Decision Date19 May 2011
Docket NumberNo. 2009–CA–01037–SCT.,2009–CA–01037–SCT.
Citation60 So.3d 742
PartiesAngelia PATTERSON, On Behalf of the Wrongful Death Beneficiaries and as Administratrix of the Estate of Atravius Coleman, Deceasedv.Dr. Bob TIBBS, Dr. William McArthur and Bolivar County Medical Center.
CourtMississippi Supreme Court

OPINION TEXT STARTS HERE

George F. Hollowell, Jr., Greenville, attorney for appellant.L. Carl Hagwood, Mary Frances Stallings–England, Diane V. Pradat, Bradley K. Overcash, Kimberly Nelson Howland, Jackson, attorneys for appellees.Before CARLSON, P.J., LAMAR and CHANDLER, JJ.CARLSON, Presiding Justice, for the Court:

¶ 1. Atravius Coleman was born at Bolivar County Medical Center (BMC) on February 22, 2002, at 4:23 a.m. Atravius died less than one day later, on February 23, 2002, at 12:05 a.m. His mother, Angelia Patterson, brought a wrongful-death claim against BMC, Dr. Bob Tibbs, and Dr. William McArthur (the defendants), claiming that they had caused Atravius's death either through negligence or by breaching the standard of care. The defendants filed a motion to exclude Patterson's expert witnesses on causation, claiming that their testimony was not reliable. After a two-day Daubert 1 hearing in the Circuit Court for the Second Judicial District of Bolivar County, the trial judge granted the defendants' motion and excluded the expert witnesses' testimony on the predeath levels of Demerol in Atravius's blood. The trial court subsequently granted summary judgment in favor of the defendants.

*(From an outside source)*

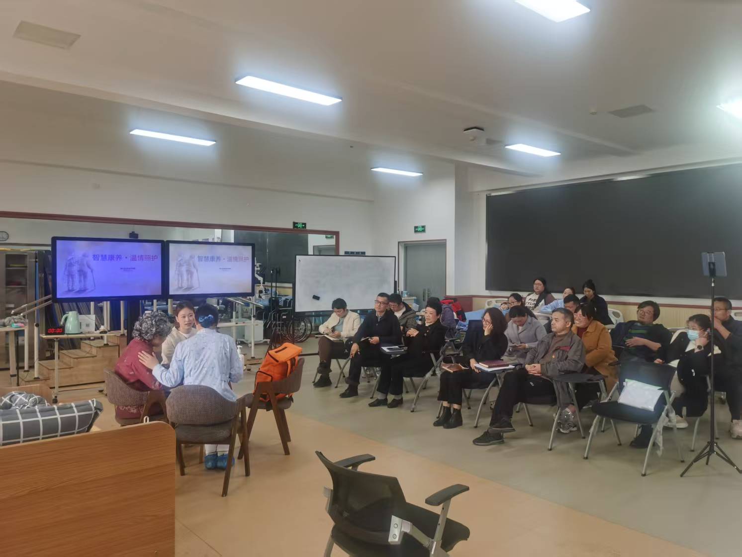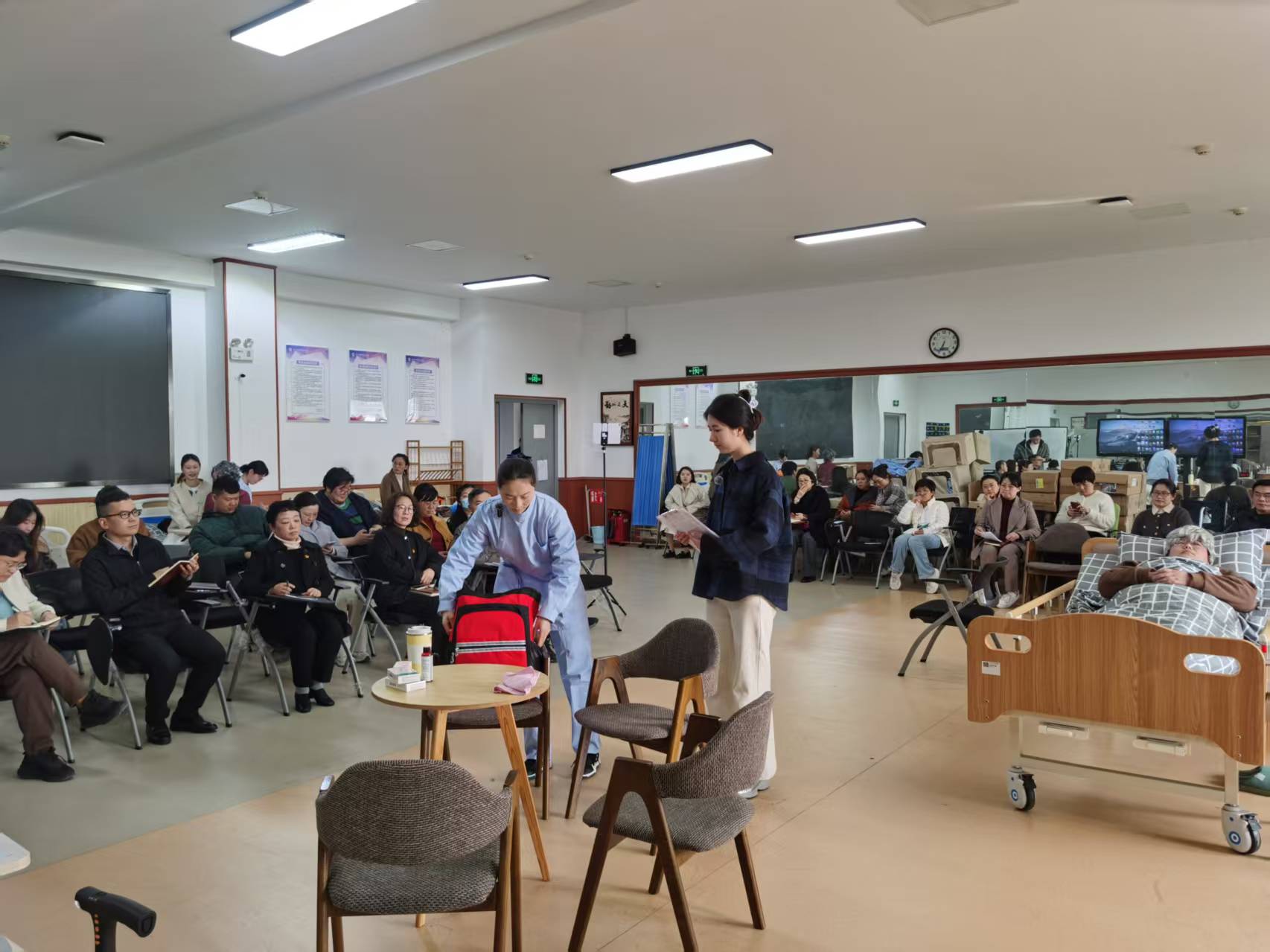 首先是两校学生进行前一阶段训练成果展示。两校学生分别在居家养老情境下模拟对老年人进行康复训练的指导。问鼎官方app下载站学生进行了跌倒风险评估和防跌倒健康宣教的演练,钟山学院学生进行了阿尔兹海默症康复训练的演练。观摩结束后,全院老师在211会议室对模拟演练中可提升改进之处献计献策,如进一步加强适老化改造与情境演练的自然结合等。各位老师纷纷提出建设性意见,现场气氛热烈。

¶ 2. Patterson now appeals to this Court. We find that the trial court did not abuse its discretion in excluding the experts' testimony and that the trial court did not err in granting summary judgment in favor of Dr. William McArthur. However, we are constrained to find that the trial court erred in granting summary judgment in favor of Dr. Bob Tibbs and Bolivar County Medical Center. Thus, we affirm in part and reverse in part the trial court's judgment in favor of all defendants, and we remand this case for further proceedings relating to Patterson's claims against Dr. Tibbs and Bolivar County Medical Center.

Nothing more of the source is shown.